After adding ddev logs to the CI script, that's the output of that:

+ sudo chown -R 2000:2000 /mnt/ddev-global-cache/ /home/travis/.ssh /home/travis/.drush /home/travis/.gitconfig /home/travis/.my.cnf

+ '[' -d /mnt/ddev_config/homeadditions ']'

+ cp -r /mnt/ddev_config/homeadditions/. /home/travis/

+ mkcert -install

ERROR: failed to save CA key: open /mnt/ddev-global-cache/mkcert/rootCA-key.pem: permission denied

To Reproduce
Steps to reproduce the behavior:
On a Travis-based environment, start a DDEV instance with Solr aside, skipping the configuration for mkcert there.

Expected behavior
ddev web container should start.

Screenshots
image

Version and configuration information (please complete the following information):

  • Host computer OS and Version:
Build language: php
Build group: stable
Build dist: trusty
Build id: 128908179
Job id: 238529129
Runtime kernel version: 4.4.0-101-generic
travis-build version: 24382795bc479c6eb9a0651f15dd00c2dca32750
Build image provisioning date and time
Tue Dec  5 19:58:13 UTC 2017
Operating System Details
Distributor ID: Ubuntu
Description:    Ubuntu 14.04.5 LTS
Release:    14.04
Codename:   trusty
  • Docker version information (use docker version) and insert it here.
docker-ce_18.06.3~ce~3-0~ubuntu_amd64.deb
  • ddev version information (use ddev version)
v1.11.0
  • config.yaml contents for the misbehaving project
APIVersion: v1.11.0
name: foobar-foobar
type: drupal8
docroot: web
php_version: "7.3"
webserver_type: nginx-fpm
router_http_port: "8081"
router_https_port: "8043"
xdebug_enabled: false
additional_hostnames: []
additional_fqdns: []
mariadb_version: "10.2"
nfs_mount_enabled: false
provider: default
hooks:
  post-import-db:
  - exec: drush config-set system.site name Foobar
  - exec: drush en -y environment_indicator
  - exec: drush cr
  - exec: drush uli
  post-start:
  - exec: drush site-install foobar -y --db-url=mysql://db:db@db/db --account-pass=admin
      --existing-config
  - exec: drush en foobar_migrate
  - exec: drush sapi-c
  - exec: drush migrate:import --group=foobar
  # For Code sniffer
  - exec: composer global require drupal/coder:^8.3.1
  - exec: composer global require dealerdirect/phpcodesniffer-composer-installer
  # For Drupal's private files
  - exec: mkdir /var/www/private
  - exec: drush uli
use_dns_when_possible: true
timezone: ""
  • Do you have any custom configuration (nginx, php, mysql) in the .ddev folder? If so, have you tried without them?
    N/A

All 39 comments

It's likely that Travis is the guilty, my idea is that DDEV could degrade gracefully, if that's possible.

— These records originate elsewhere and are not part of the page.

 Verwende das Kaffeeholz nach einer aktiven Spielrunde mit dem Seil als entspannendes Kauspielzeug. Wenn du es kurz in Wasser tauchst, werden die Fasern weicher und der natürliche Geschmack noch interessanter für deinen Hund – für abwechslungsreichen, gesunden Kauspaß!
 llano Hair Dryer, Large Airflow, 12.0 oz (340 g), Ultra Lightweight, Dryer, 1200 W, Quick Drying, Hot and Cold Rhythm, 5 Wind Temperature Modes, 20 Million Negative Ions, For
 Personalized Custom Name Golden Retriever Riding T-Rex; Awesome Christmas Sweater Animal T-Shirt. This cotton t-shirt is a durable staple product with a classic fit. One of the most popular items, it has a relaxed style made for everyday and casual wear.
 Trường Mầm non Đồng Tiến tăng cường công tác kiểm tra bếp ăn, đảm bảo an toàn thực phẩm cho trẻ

Could you change the travis config to Ubuntu 16.04 and see what the result is? 14.04 is no longer supported, as you know, and I'm not sure what that means about docker support on there. If docker isn't properly handling volumes then this could happen. Or if travis docker config denies permissions on volumes somehow?

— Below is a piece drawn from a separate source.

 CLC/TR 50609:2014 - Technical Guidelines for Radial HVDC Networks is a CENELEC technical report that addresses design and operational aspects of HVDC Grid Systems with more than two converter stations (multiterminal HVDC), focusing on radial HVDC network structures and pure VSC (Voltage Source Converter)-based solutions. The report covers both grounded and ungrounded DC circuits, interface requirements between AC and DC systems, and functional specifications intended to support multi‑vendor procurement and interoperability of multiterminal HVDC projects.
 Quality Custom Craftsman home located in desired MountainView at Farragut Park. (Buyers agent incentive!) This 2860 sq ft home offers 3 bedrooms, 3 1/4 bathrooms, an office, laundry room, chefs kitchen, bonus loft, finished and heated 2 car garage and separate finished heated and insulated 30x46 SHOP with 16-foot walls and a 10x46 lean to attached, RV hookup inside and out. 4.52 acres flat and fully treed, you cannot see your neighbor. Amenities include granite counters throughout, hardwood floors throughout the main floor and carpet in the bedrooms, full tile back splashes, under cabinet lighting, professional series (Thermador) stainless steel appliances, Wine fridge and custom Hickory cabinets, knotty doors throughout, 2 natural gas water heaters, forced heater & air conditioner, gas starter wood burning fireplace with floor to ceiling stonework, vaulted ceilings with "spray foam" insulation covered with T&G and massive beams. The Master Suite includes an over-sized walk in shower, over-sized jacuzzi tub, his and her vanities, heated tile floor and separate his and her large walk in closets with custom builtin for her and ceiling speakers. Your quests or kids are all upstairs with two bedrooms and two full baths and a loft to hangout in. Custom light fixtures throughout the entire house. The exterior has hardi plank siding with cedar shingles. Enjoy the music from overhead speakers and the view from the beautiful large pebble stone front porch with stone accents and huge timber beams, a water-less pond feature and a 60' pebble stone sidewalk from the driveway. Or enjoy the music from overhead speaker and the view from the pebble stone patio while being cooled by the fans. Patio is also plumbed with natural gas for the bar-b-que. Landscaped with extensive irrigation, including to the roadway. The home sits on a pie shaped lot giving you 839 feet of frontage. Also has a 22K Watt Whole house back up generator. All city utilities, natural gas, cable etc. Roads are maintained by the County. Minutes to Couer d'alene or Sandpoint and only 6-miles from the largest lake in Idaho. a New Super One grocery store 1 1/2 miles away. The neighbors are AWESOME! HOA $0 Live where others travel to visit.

If this isn't regularly reproducible, you might consider starting a more trivial project before the main one, to make sure the volume gets properly created?

What docker setup and version is travis using?

Doesn't travis now have ssh capabilities so you can go in there and study what's going on?

It might be possible to make the container forgive the existence of a required directory, but that would expand to a thousand problems, since that mount is always assumed to be available.

Thanks for the suggestions!
I upgraded Ubuntu to bionic and Docker to amd64 docker-ce amd64 5:19.03.2~3-0~ubuntu-bionic, I still have exactly the same error message.

Or if travis docker config denies permissions on volumes somehow?

Due to the randomness of the bug, it's not likely.

Doesn't travis now have ssh capabilities so you can go in there and study what's going on?

Yup, on private projects, you can execute it in debug mode and indeed SSH in, I'll give it a try.

If you get in there, do a docker inspect ddev-<project>-web. That might tell us something about the volume mount or lack thereof. Also if you get in, take a look at the contents and permissions in /mnt/ddev-global-cache

I'm happy to help debug this if it's recreatable and you're able to give me access. My pubkey is at https://www.randyfay.com/sites/default/files/rfay.pub_.txt

Best possible scenario is that we set up a trivial travisci project that can demonstrate this that isn't related to any actual work.

Thanks for the offer.
As I think about more, we have 5+ client projects on DDEV, using Travis and only one fails. So it must be project specific, however on the long run, I see that by 50% chance, it succeeds.
I'll try to kill all the project specific stuff and still reproduce it, now I think i will find some time for it.

Oh, it's possible you could have the mkcert problem described in https://github.com/FiloSottile/mkcert/pull/193 - I don't understand exactly how that would cause the problem inside the container but it's an interesting problem. We had the problem on CircleCI with Ubuntu 16.04, that's why it was studied and solved. But there the issue was running mkcert on the host/Ubuntu testbot.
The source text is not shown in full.